8575. The conversation between Vinza and Annasara has become longer, much longer than I expected. Some of it will most likely end up in some other place in the story. A couple weekends ago, I wrote for each character what their day to day routine was. This was a fun exercise and it gave me a sense of my characters in motion, living their day, like people do. It’s not something that’s going to be in the novel, but it lets me know what each character is doing at a certain time of the day–their day–and that contributes to the writing, to how each character may be as they interact with each other, to what they’ve just come from doing and what they’re about to do. And, most importantly, it fills that abyss in my head when I face the great white sea.
I’m looking forward to starting the new job and having more of my life back. Thinking back a little, over the past several years, considering how I’ve struggled for years to give priority to my writing and how I’ve resented jobs, I think I must change my attitude and stop seeing the job as the Enemy–the enemy of my time, my writing, my desire to have a writing life.
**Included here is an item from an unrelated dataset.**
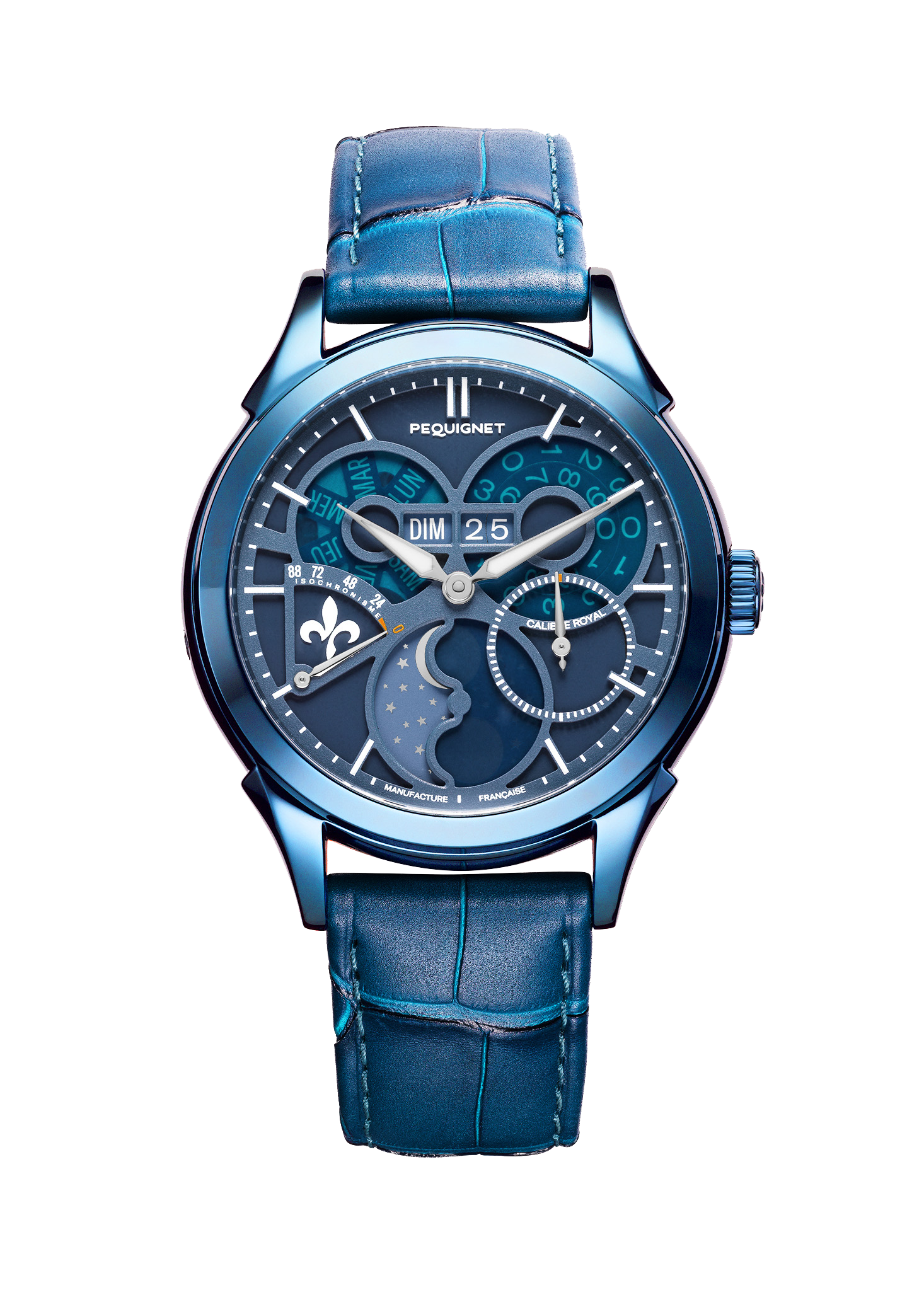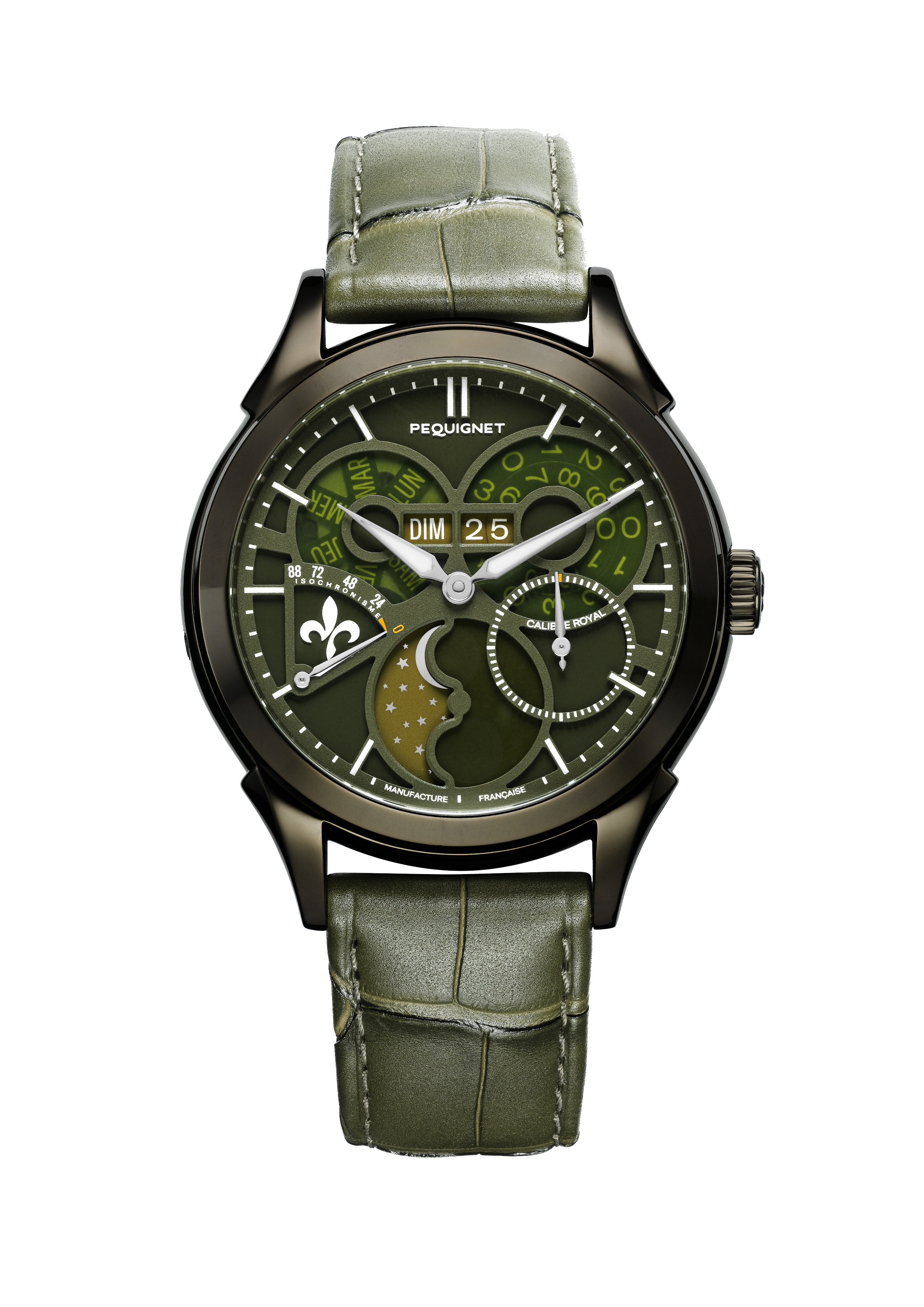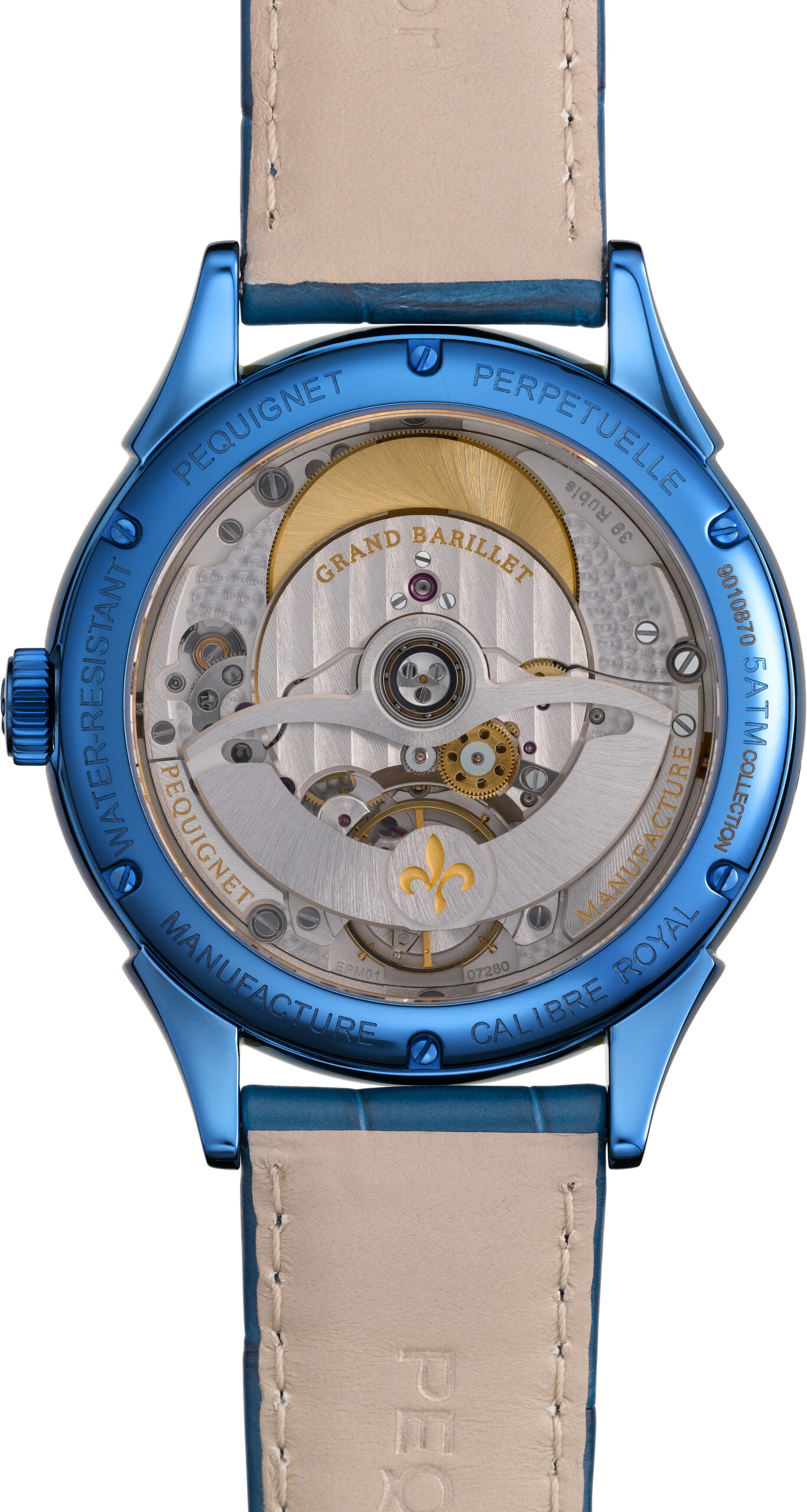Le cœur de chaque montre de cette collection est le Calibre Royal®, un mouvement mécanique de précision entièrement conçu et fabriqué en France. Ce calibre, qui a nécessité le dépôt de 8 brevets internationaux, est composé de plus de 350 composants, tous sourcés à moins de 80 km de Morteau, le siège de la manufacture PEQUIGNET. Cette proximité géographique des composants témoigne de l’engagement de la marque envers la qualité et le savoir-faire local.

A change in attitude, in perspective, will help me breathe easier, will turn the day job from a mountain I have to climb everyday–endlessly it seems–to a valley through which I walk, and the writing will slip smoothly into place, a part of that valley until it is all of that valley.
This job will demand more of me than the one I’m leaving, and I don’t mind about getting home late since all I do anyway is flop in bed and watch a dvd or read. My brain will be useless for anything but the least demanding of endeavors. As I said to Michelle, writing should not be forced into one’s life, but fit into one’s life.
The morning time will be a boon, but only if I change my attitude and let go of the internalized resentment of daily work away from home.